Best selling automobiles are passenger cars and light trucks which, since the introduction of the Benz Patent Motorwagen in 1886, can claim to being the highest selling vehicles in the automobile markets.

While references to verify the manufacturers' claims have been included, there is always the possibility of inaccuracy or hyperbole. A single vehicle can be sold concurrently under several nameplates in different markets, as with for example the Nissan Sunny; in such circumstances manufacturers often provide only cumulative units sold figures for all models. As a result, there is no definitive standard for measuring units sold; 
Chrysler minivans has sold over 16 million worldwide. Volkswagen has claimed its Beetle is the best-selling car in history, as it did not substantially change throughout its production run. By contrast, Toyota has applied the Corolla nameplate to 12 generations since 1966, which have sold over 50 million through 2021.

World's bestsellers
Four cars have been widely acknowledged as the "bestselling automobile in the world" since Ford built its millionth Model T on December 10, 1915. The Model T itself remained the highest seller until forty five years after production ceased in 1927. On February 17, 1972 Volkswagen claimed that the Ford had been surpassed by the Beetle, when the 15,007,034th was manufactured. Although The Model T has subsequently been credited with 16.5 million units sold, the error is inconsequential in light of the Beetle reaching 21 million. The Model T was eventually surpassed within Ford by the Ford F-Series, a pickup truck that is directly descended from the Model T roadster pickup.

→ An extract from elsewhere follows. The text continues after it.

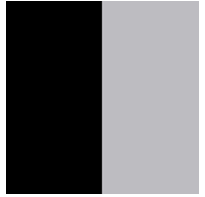
Black/Anthracite - BAN

The Beetle remained the bestselling vehicle in the car industry until the late 1990s, when it was overtaken by the Toyota Corolla, due to the Corolla's good fuel mileage. However, this was an example of the modern practice of applying a brand name across a wide range of vehicles, and retaining it for marketing purposes even as the car changes drastically. While the first Corolla in 1966 was rear-wheel drive and rode on a 2286 mm wheelbase, the current hybrid and all-wheel drive models share a 2640 mm wheelbase and use a mechanically unrelated platform. Sales of the Beetle were also surpassed by its successor, the Volkswagen Golf.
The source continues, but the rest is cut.